Advancing 3D scene generation through GCWA with dynamic upsampling using two-stage diffusion model
摘要
This paper studies a novel 3D scene generation framework with enhancement of spatial semantic consistency. In the considered system, diffusion models aim to synthesize high-fidelity 3D outdoor scenes for autonomous driving applications under the challenge of maintaining spatial semantic coherence. Existing methods struggle to balance contextual semantic accuracy and computational efficiency during feature distributions learning and upsampling processes. Unlike existing approaches, we propose a two-stage discrete diffusion framework based on 3D scene triplane representation with two novel components to address these interdependent issues. Specifically, we exploit a Geometry-aligned Cross-plane Windows Attention (GCWA) based on the triplane representation of 3D scenes to enhance global consistency through intra-plane self-attention and cross-plane cross-attention. This manipulation not only enhances the global semantic consistency of the 3D scene but also reduces the excessive computational complexity.

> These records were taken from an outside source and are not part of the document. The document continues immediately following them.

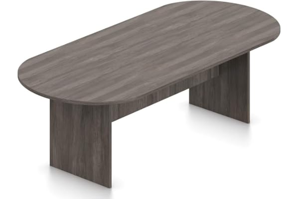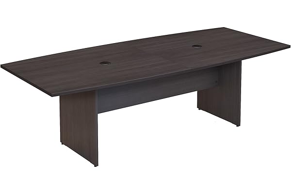 Bush Business Furniture 96W x 42D Boat Shaped Conference Table with Wood Base in Storm Gray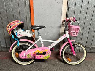 Bicicleta infantil de color blanco y rosa, con detalles de princesas y estrellas. - Incluye cesta delantera rosa. - Sillín y manillar ajustables. - Ruedines de apoyo. - Protector de cadena. - Incluye casco a juego con diseño de colores y dibujos.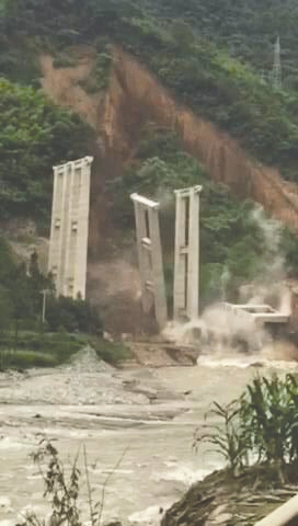 山體滑坡沖毀8根橋墩 在建雅康高速或微調線路,7月27日晚,疑為雅安市境內雅康高速在建的四座橋墩瞬間被毀的視頻在四川雅安市的微信群、朋友圈內流傳。7月28日17時,雅康高速公司通報稱, 受極端氣候影響,連日來天全縣境內多次發生強降雨,境內多處多次發生山體塌方、滑坡等自然災害。

Then we design a multi-scale dynamic upsampling module DySample3D that adaptively integrates the semantic context into the resolution enhancement process, which is to improve consistency in boundary areas of 3D scenes and reduce semantic artifacts. Comprehensive evaluations on CarlaSC and SemanticKITTI datasets demonstrate our framework’s superior performance in both unconditional and conditional generation tasks, achieving significant improvements over the latest existing benchmarks without substantial increases in computational complexity. Furthermore, our model can be seamlessly adapted to scene inpainting, outpainting tasks and achieve the conversion of semantic scenes to realistic RGB images. Code has been released on https://github.com/HITysx/3D-scene-generation.